- Directed by: Elizabeth Holder; Xan Parker;
- Produced by: Elizabeth Holder; Xan Parker;
- Starring: Louise Jones; Carol Warner Wilke; Kimberley Euston; Umber Ahmad;
- Cinematography: Cynthia Wade
- Edited by: Rachel Kittner
- Music by: Mj Mynarski
- Distributed by: Organic Pictures; Roland Park Pictures;
- Release date: 2003;
- Running time: 88 minutes
- Country: United States
- Language: English

= Risk/Reward =

Risk/Reward is a 2003 documentary film about women on Wall Street. It follows the lives of four Wall Street women: a research analyst, a currency trader, an NYSE floor broker and a rookie investment banker. It was directed by Elizabeth Holder and Xan Parker and produced by Roland Park Pictures.

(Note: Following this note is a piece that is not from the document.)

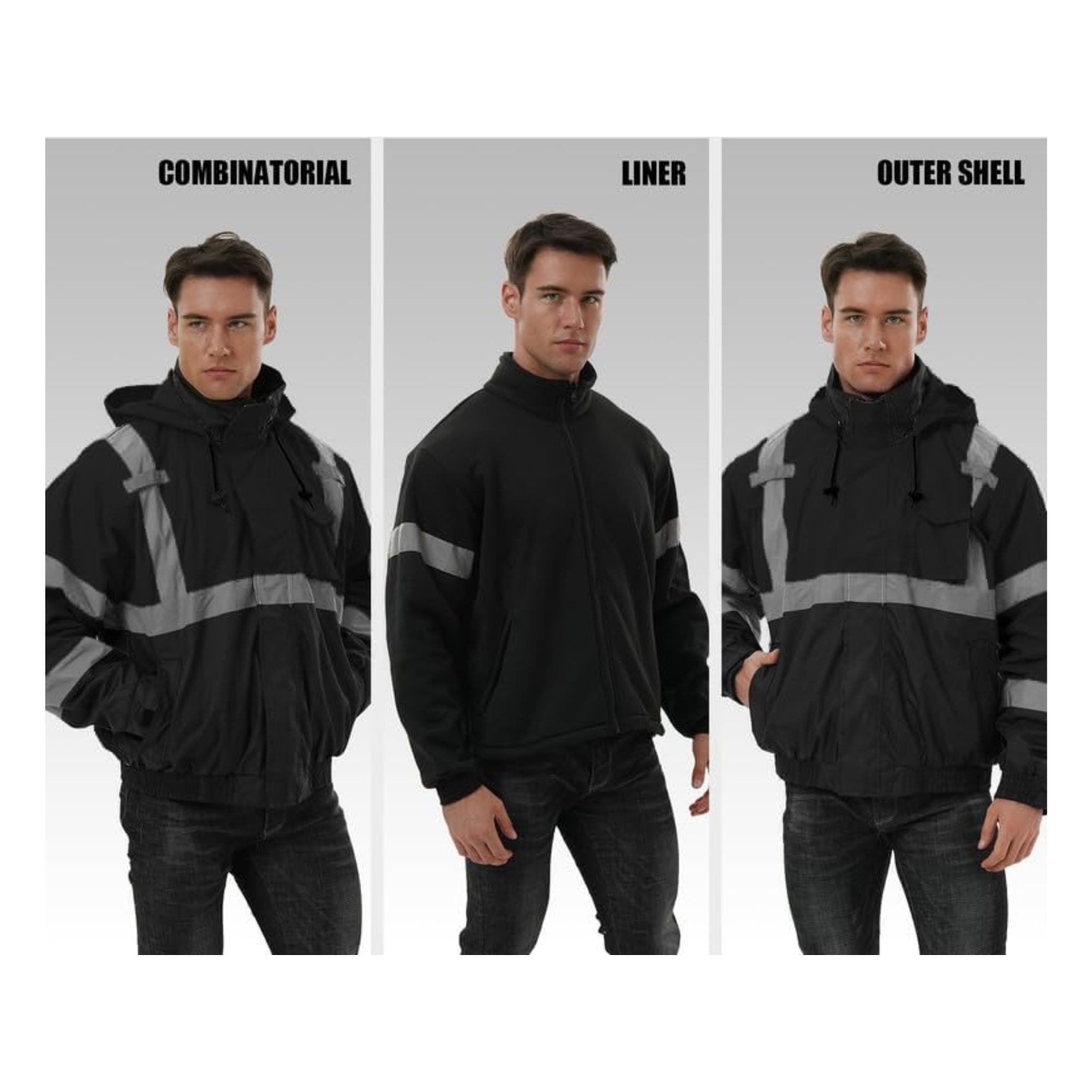 3-in-1 High Visibility Winter Bomber Jackets Zip Out Fleece Liner Reflective Safety Coats for men Waterproof ANSI/ISEA Class 3(Black 3XL). Waterproof Oxford shell with taped seams. Zip-out fleece liner for adjustable warmth. 2″ reflective tape for 360° visibility. Zip front with storm flap, ID window, mic tabs, sleeve pen pocket. ANSI/ISEA 107 Class 3.

The documentary features Louise Jones, Carol Warner Wilke, Kimberley Euston, and Umber Ahmad, and includes appearances by Roslyn Dickerson, Muriel Siebert, Ann Kaplan, Janet Tiebout Hanson, Sheila Wellington and Maria Bartiromo. Risk/Reward was released theatrically in New York City and Chicago and was televised on Oxygen Media.

==Accolades==
The film was an official selection of:
Tribeca Film Festival, Hot Docs International Documentary Film Festival, Full Frame Documentary Film Festival, Maryland Film Festival, Starz Denver Film Festival, Philadelphia Film Festival, Rhode Island Film Festival, Central Standard Film Festival, Rocky Mountain Women's Film Festival, Northampton Film Festival.